Dj for entertainment. Now, if you really want a band, you’re going to need a backup plan. I’m all for bands. I had a band at my wedding. Bands aren’t cheap. You have to think about what you’re paying for. You’re paying for talent, hours of practice, instruments, etc. And even a 3 piece band would run you maybe $900 at the cheapest and that’s not for the whole ceremony. And you have to think about they are humans and humans need breaks. It’s hard playing nonstop so you’re going to want to have a DJ in-between. Or you can always just go Dj fully. (I recommend) Some venues have DJ services included in their packages. And sometimes you can find some pretty good deals on Djs especially the ones that are just starting out trying to build a name for themselves.

Side note: My stepson just so happened to know how to play guitar very well so to include him in on our special day, I asked him to play our first dance song on acoustic while a high school friend of mine sung. It was my favorite thing about my big day. 🙂

Honeymoon travels. Now, depending on your budget and where you really want to go, this can be also affordable. For me, I have never been to a beach before in my life. Yes, sad but true.  So, I told my husband that’s where I wanted to go. Of course, I want to go to Italy and Paris but at the moment, what was in our budget was driving to a beach. Luckily, we live driving distance to quite a few beaches and since it was fall when we got married, there were a few good deals and gas wasn’t too high.  We took a 5-hour drive to a resort and stayed for 3 days and drove on to another beautiful city I really wanted to go to.  We searched Groupon for good deals on restaurants and hotels and we also get points staying at certain hotel through memberships and frequent visitor clubs. Road trips are awesome honeymoons because you’re spending alone time together getting to your trip and have time to talk and sightsee! And an added bonus was using wedding gift money for a souvenir or buying us a drink to celebrate!

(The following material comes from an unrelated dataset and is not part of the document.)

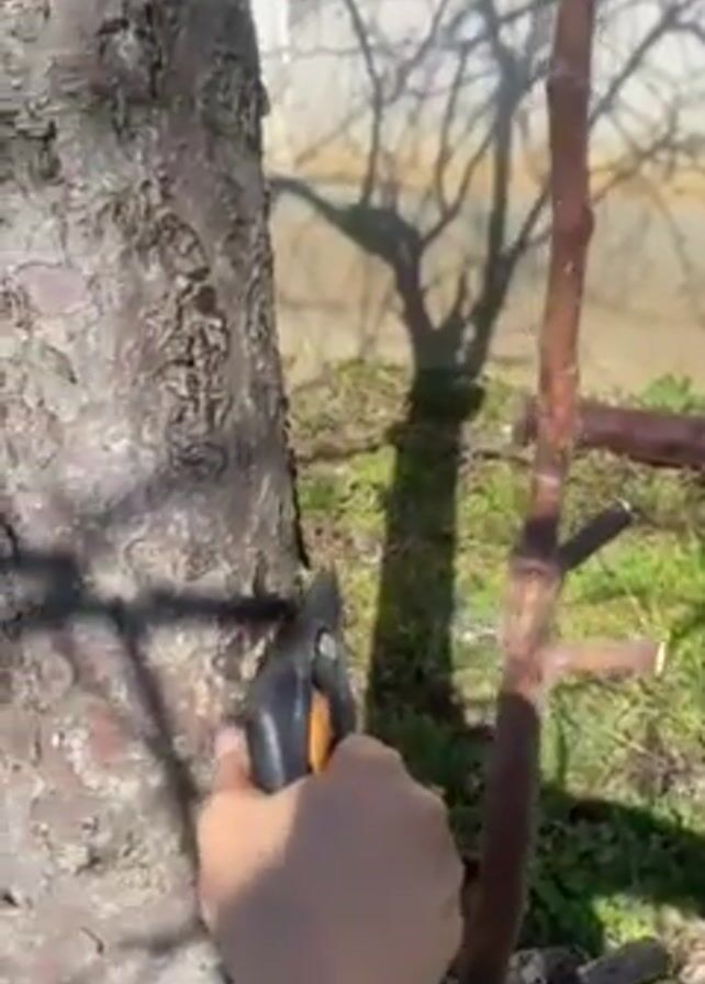 person pruning a small branch on a tree trunk with pruning shears. The tree is situated next to a larger tree. The camera pans upwards to reveal an orchard of bare trees against a background of a white wall and a clear blue sky. The ground is covered in grass and scattered branches.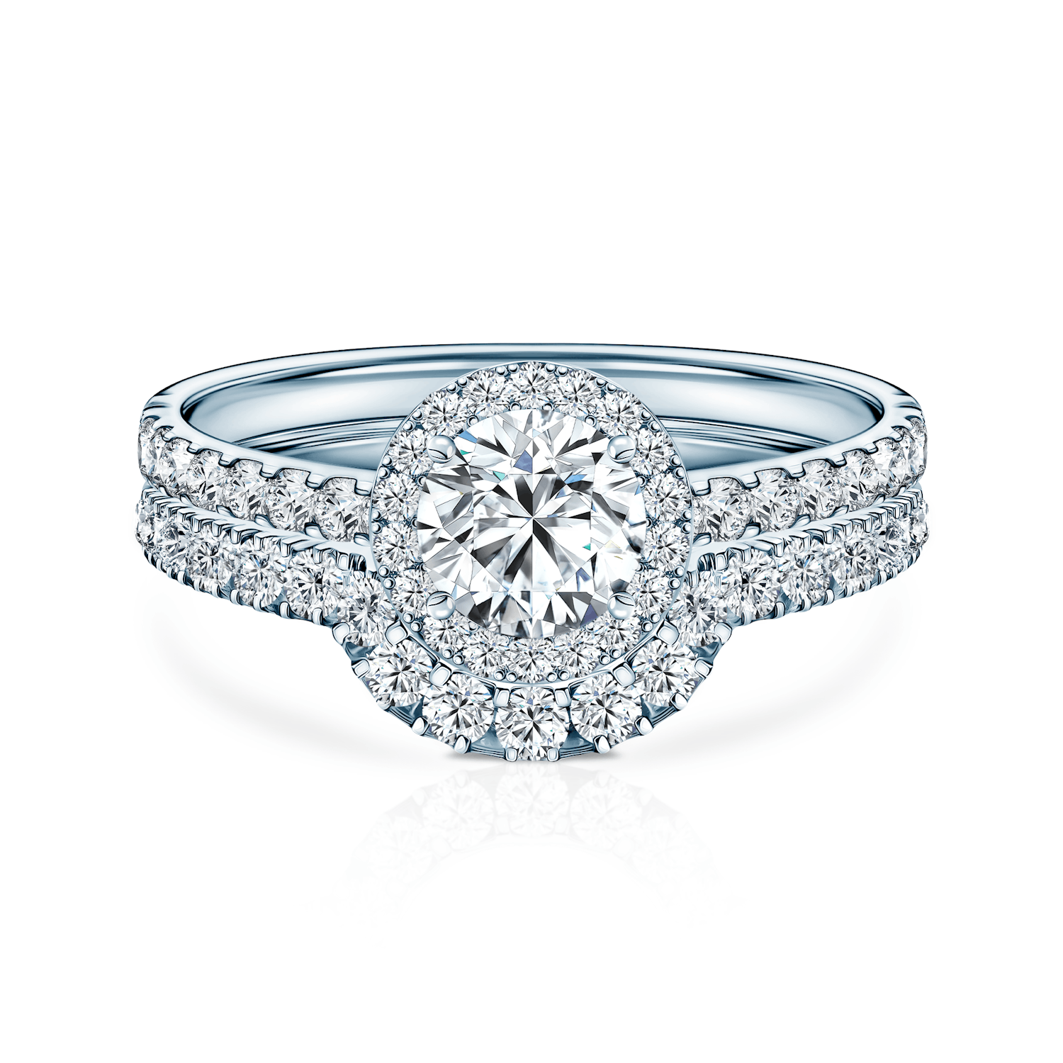 Deliberately shaped wedding ring fits perfectly into the engagement ring, creating unique and unprecedented composition.

There you have it! Those are just a few things I would suggest or recommend. Getting married and celebrating the love you have with your mate doesn’t have to cost an arm and a leg. It’s a dressy party where everyone is coming to celebrate you and your mate being coming one and having cake. So, try to relax, think rational and enjoy the journey!

Until next time, make it last forever!

18 Things I wish someone told me before I had kids.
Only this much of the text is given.